### Work to complete
Go through the following data and transcribe exactly the stretch of lines from the one holding "Amaya Pilla Masaquiza" to the one holding "Pamukkale Üniversitesi (PAÜ)", both included.

### Provided records
------

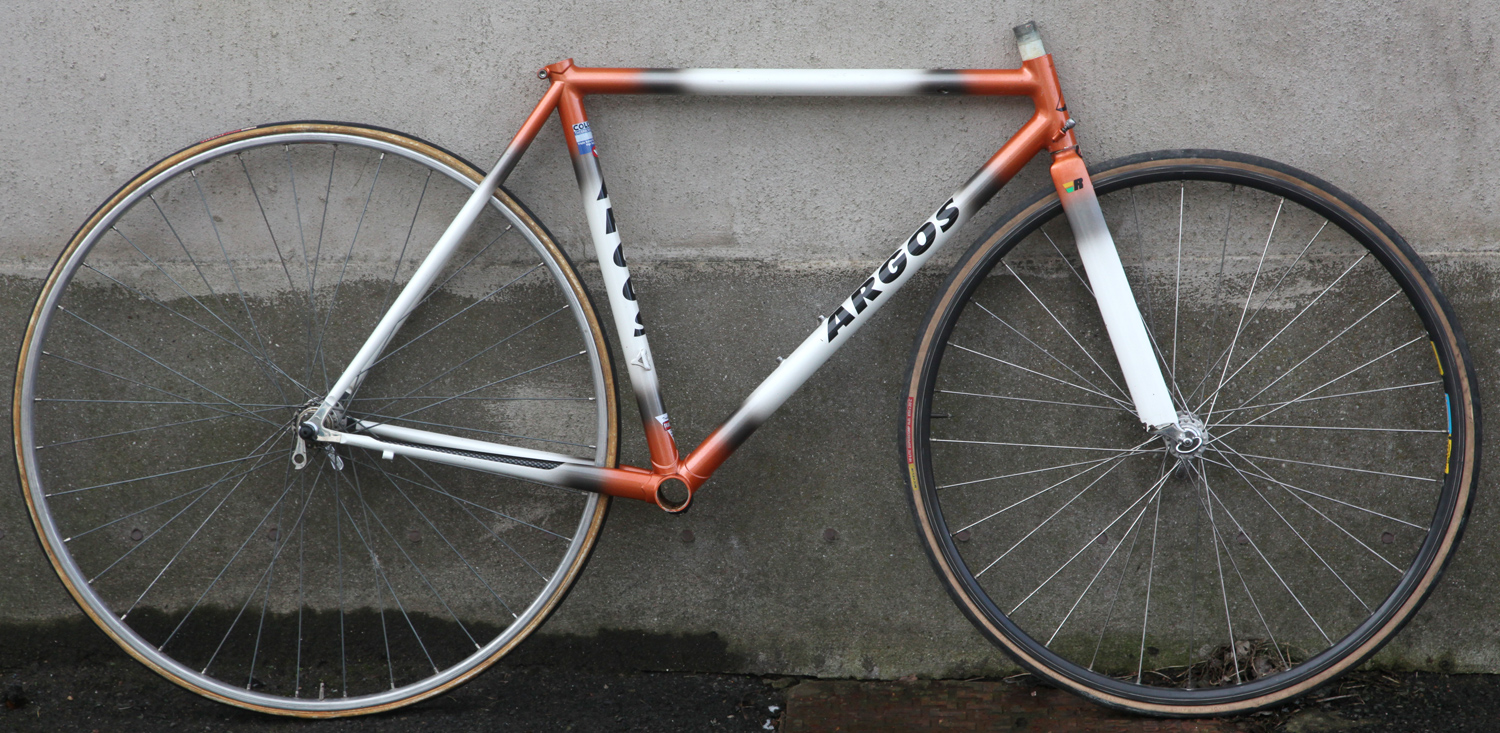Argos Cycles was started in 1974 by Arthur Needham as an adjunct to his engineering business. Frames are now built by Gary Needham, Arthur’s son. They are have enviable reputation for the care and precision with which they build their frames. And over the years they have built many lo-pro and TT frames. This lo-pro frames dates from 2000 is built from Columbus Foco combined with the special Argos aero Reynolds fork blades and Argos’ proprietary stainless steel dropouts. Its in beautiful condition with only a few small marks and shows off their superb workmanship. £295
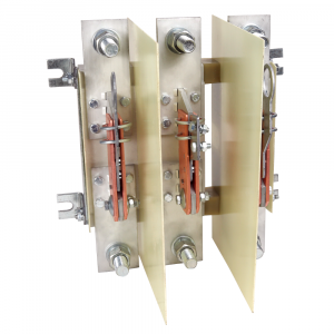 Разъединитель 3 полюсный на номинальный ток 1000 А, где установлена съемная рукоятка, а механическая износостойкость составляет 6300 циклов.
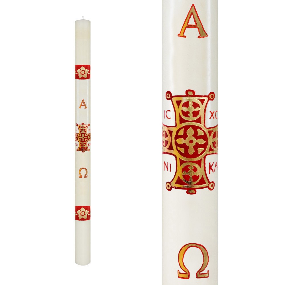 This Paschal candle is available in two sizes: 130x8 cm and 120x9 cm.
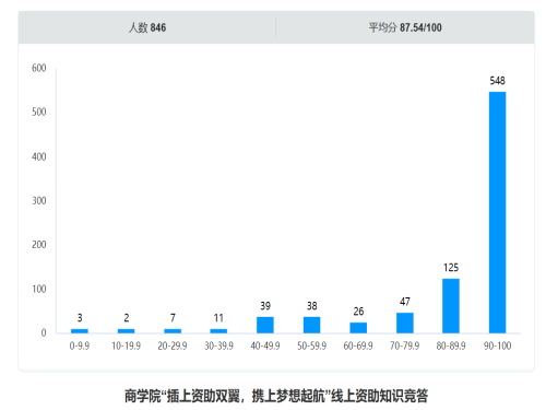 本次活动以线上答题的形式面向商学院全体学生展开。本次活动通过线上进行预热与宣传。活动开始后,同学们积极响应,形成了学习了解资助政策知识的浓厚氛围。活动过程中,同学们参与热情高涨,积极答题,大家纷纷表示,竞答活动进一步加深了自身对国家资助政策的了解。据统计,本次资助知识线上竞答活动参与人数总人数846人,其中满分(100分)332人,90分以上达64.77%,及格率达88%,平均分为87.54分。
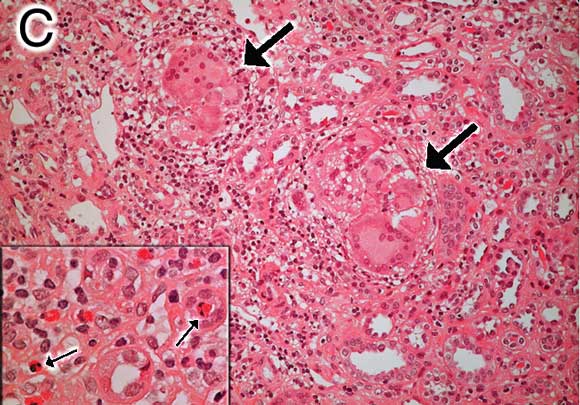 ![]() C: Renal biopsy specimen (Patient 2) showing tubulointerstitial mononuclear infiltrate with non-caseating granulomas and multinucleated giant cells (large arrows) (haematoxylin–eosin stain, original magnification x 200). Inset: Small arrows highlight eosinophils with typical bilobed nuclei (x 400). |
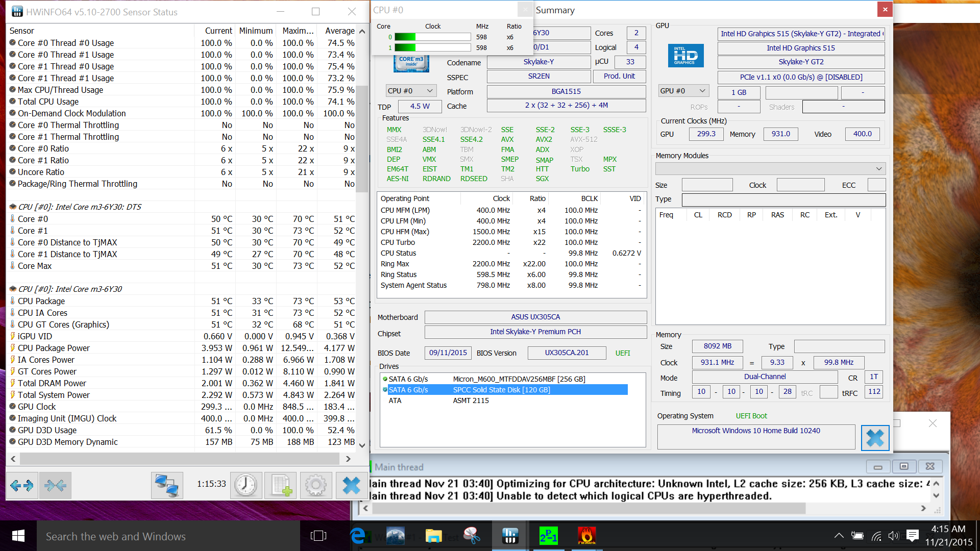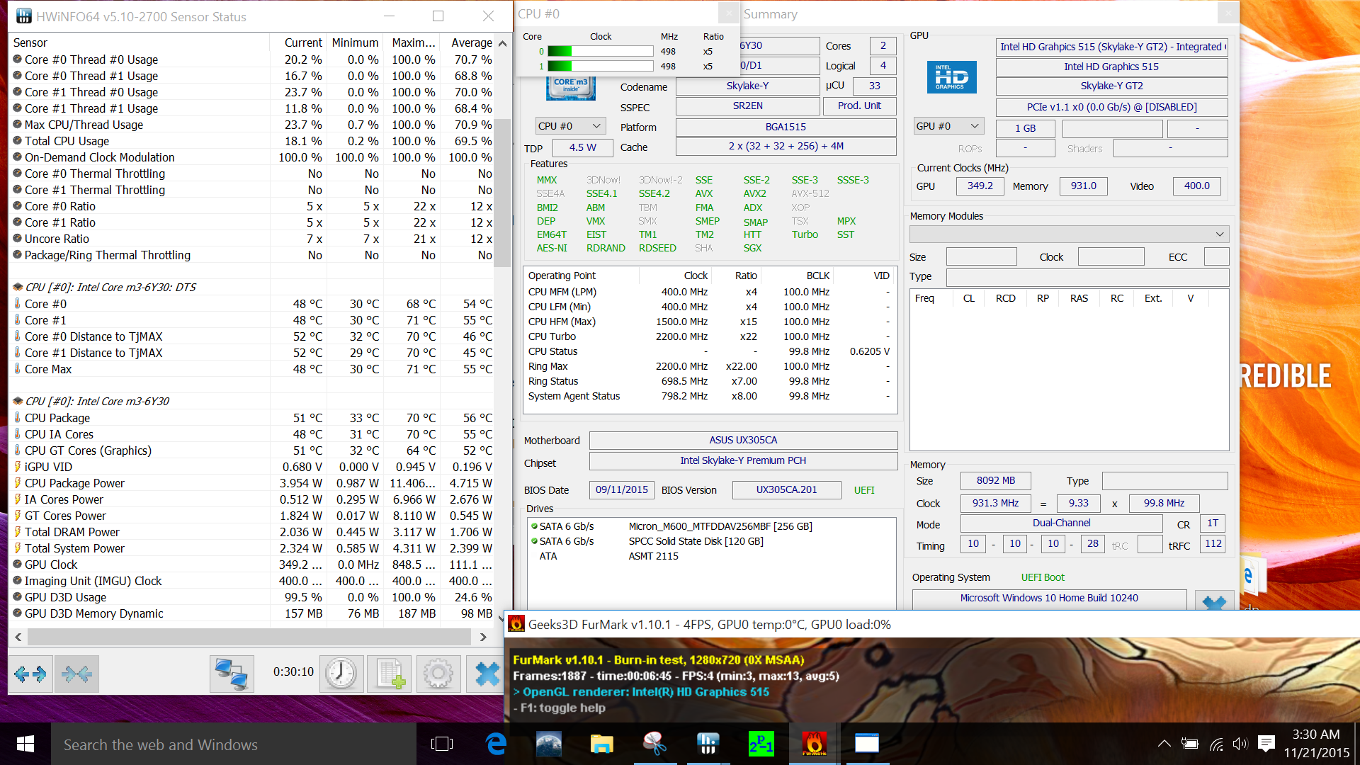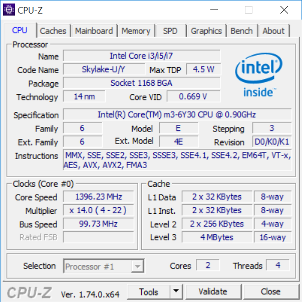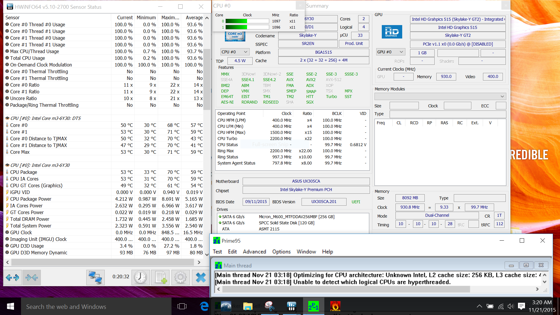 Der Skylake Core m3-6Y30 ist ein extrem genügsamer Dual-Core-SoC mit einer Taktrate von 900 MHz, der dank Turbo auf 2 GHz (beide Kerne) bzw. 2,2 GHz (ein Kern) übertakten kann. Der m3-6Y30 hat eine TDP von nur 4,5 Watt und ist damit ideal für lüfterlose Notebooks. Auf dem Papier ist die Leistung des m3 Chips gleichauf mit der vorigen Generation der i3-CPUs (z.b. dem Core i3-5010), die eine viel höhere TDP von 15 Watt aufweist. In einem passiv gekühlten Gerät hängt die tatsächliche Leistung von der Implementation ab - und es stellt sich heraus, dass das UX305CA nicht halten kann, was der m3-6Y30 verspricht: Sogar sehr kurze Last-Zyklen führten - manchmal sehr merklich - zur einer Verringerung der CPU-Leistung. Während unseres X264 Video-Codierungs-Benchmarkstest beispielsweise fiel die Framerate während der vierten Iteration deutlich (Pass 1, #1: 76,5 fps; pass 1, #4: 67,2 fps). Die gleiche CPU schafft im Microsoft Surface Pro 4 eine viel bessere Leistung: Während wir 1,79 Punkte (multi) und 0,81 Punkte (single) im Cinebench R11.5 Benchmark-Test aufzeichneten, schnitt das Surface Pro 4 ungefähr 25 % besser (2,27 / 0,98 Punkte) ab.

------

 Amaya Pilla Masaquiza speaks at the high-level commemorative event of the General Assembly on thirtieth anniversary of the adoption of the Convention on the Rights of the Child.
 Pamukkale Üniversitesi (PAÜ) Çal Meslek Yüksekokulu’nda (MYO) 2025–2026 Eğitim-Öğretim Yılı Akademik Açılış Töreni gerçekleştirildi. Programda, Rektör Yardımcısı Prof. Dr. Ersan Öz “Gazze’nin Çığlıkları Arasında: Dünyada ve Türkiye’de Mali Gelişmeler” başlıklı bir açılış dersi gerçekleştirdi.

------

### Solution to this task
 Amaya Pilla Masaquiza speaks at the high-level commemorative event of the General Assembly on thirtieth anniversary of the adoption of the Convention on the Rights of the Child.
 Pamukkale Üniversitesi (PAÜ) Çal Meslek Yüksekokulu’nda (MYO) 2025–2026 Eğitim-Öğretim Yılı Akademik Açılış Töreni gerçekleştirildi. Programda, Rektör Yardımcısı Prof. Dr. Ersan Öz “Gazze’nin Çığlıkları Arasında: Dünyada ve Türkiye’de Mali Gelişmeler” başlıklı bir açılış dersi gerçekleştirdi.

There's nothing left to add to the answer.